Notice temperature=0.0. For factual question-answering, you want the model to be as deterministic as possible. Creativity is the enemy of accuracy when the task is to faithfully summarize retrieved documents.

Chapter Five

Citation Extraction: Every Claim Gets a Source

Citations aren’t just a nice-to-have feature for user trust. They are a structural defense against hallucination. When you require the model to cite every factual claim, you create a verifiable chain from answer to source. If a citation doesn’t check out, you know exactly which part of the answer to distrust.

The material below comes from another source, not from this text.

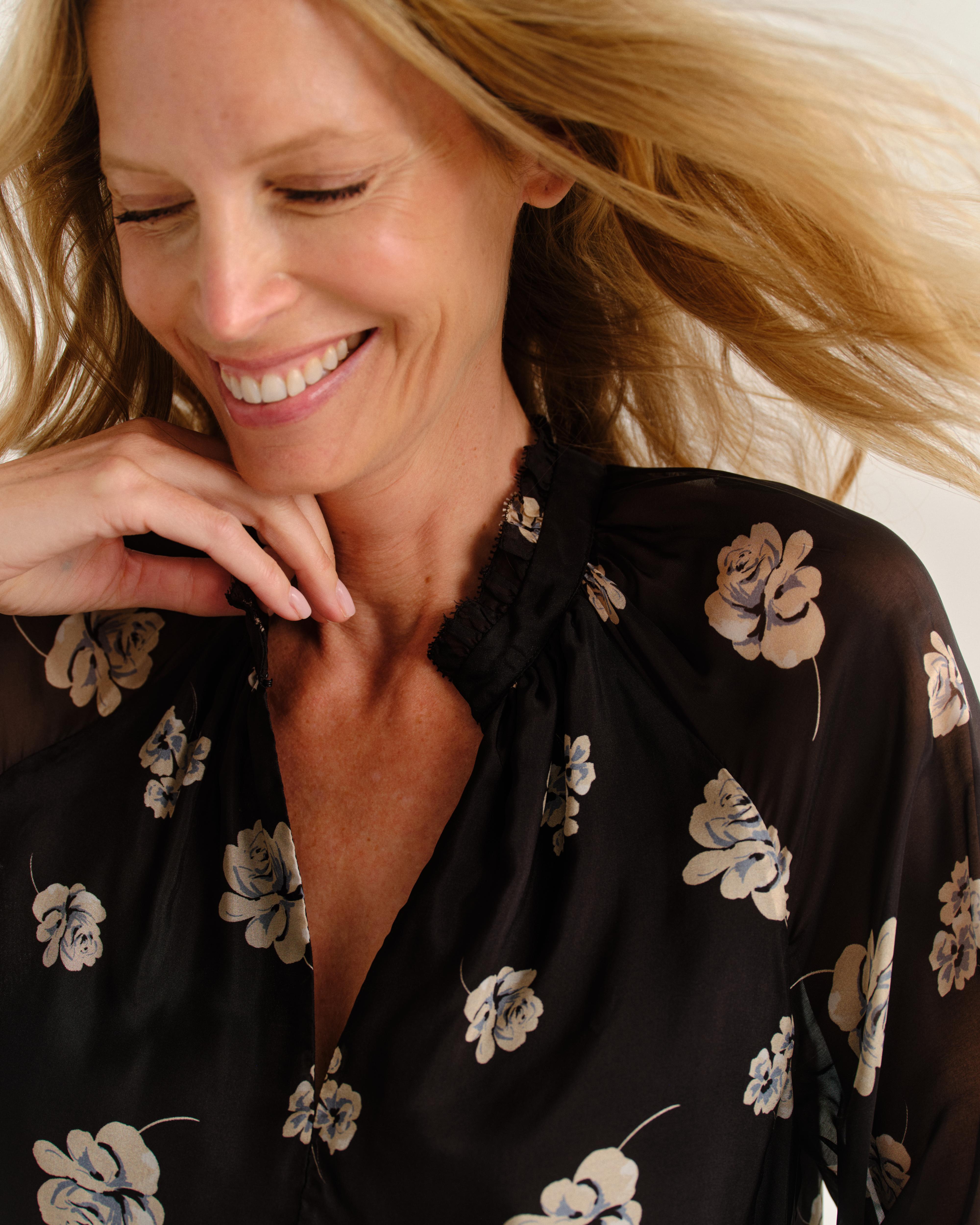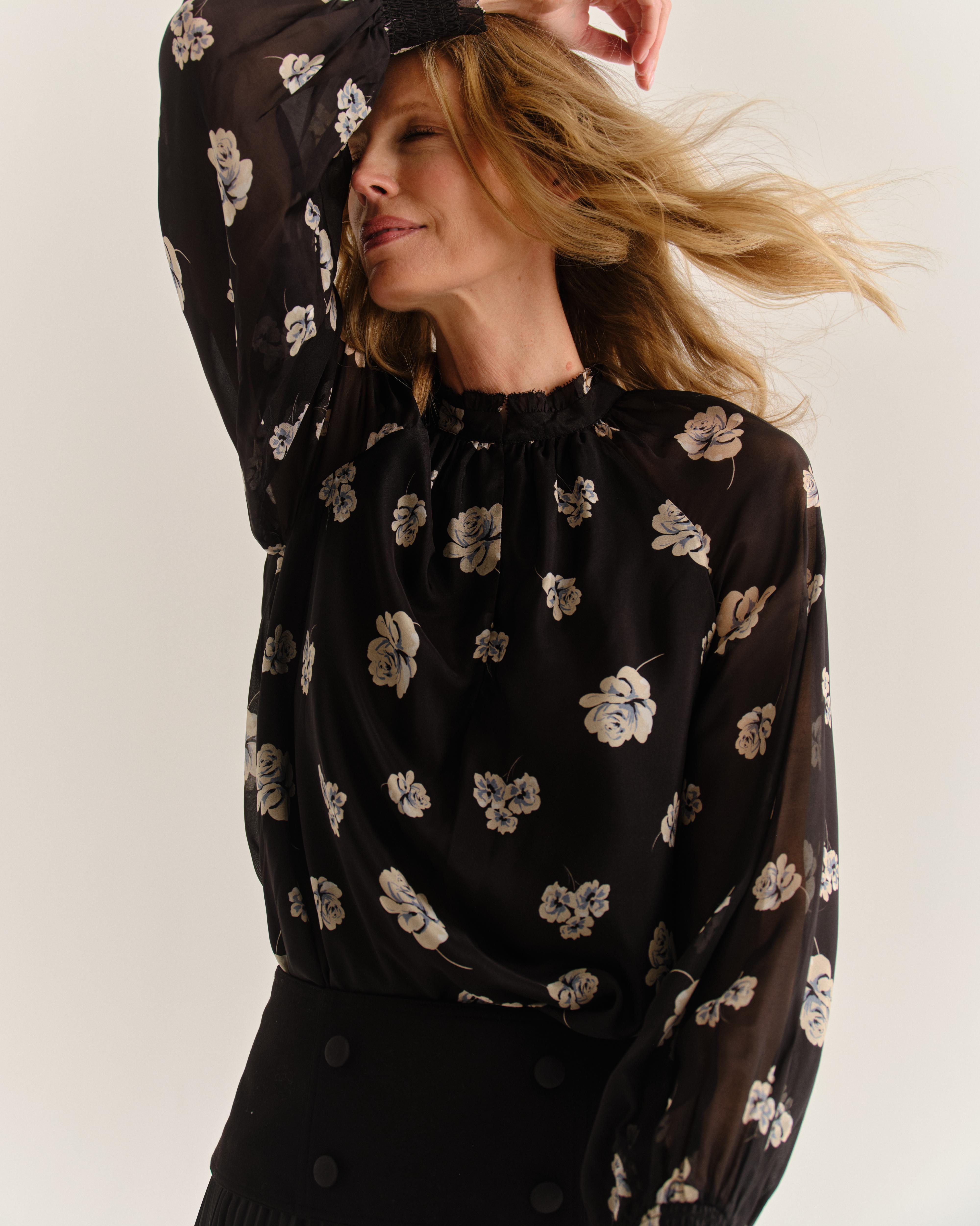 Crafted in silk chiffon the Sawyer blouse brings a soft elegance to everyday dressing with every detail meant to feel romantic and impossibly light.

Here is a robust citation extraction system that parses [Source N] markers from the generated text and maps them back to the original documents:

Python

import re

def extract_citations(
    answer: str,
    context_docs: list[dict]
) -> list[dict]:
    """Extract [Source N] citations and map them to documents."""
    citation_pattern = re.compile(r'\[Source\s+(\d+)\]')
    matches = citation_pattern.findall(answer)

    citations = []
    for source_num in set(matches):
        idx = int(source_num) - 1
        if 0 <= idx < len(context_docs):
            citations.append({
                "source_number": int(source_num),
                "title": context_docs[idx]["source_title"],
                "content_preview": context_docs[idx]["content"][:200],
                "similarity_score": context_docs[idx].get("similarity", None),
            })

    return citations


def verify_citations(
    answer: str,
    citations: list[dict],
    context_docs: list[dict]
) -> dict:
    """Verify that cited claims are actually supported by sources."""
    # Split answer into cited sentences
    sentences = re.split(r'(?<=[.!?])\s+', answer)
    cited_sentences = []
    uncited_claims = []

    for sentence in sentences:
        if re.search(r'\[Source\s+\d+\]', sentence):
            cited_sentences.append(sentence)
        elif contains_factual_claim(sentence):
            uncited_claims.append(sentence)

    return {
        "total_sentences": len(sentences),
        "cited_count": len(cited_sentences),
        "uncited_claims": uncited_claims,
        "citation_coverage": len(cited_sentences) / max(len(sentences), 1),
    }


def contains_factual_claim(sentence: str) -> bool:
    """Heuristic: does this sentence make a factual assertion?"""
    # Skip transitional/connective phrases
    non_factual_starts = [
        "based on", "according to", "in summary",
        "however", "additionally", "note that",
        "i don't", "i cannot", "the available",
    ]
    lower = sentence.lower().strip()
    if any(lower.startswith(p) for p in non_factual_starts):
        return False

    # Contains numbers, dates, proper nouns, or specific details
    return bool(re.search(r'\d+|must|requires?|shall|policy|procedure', lower))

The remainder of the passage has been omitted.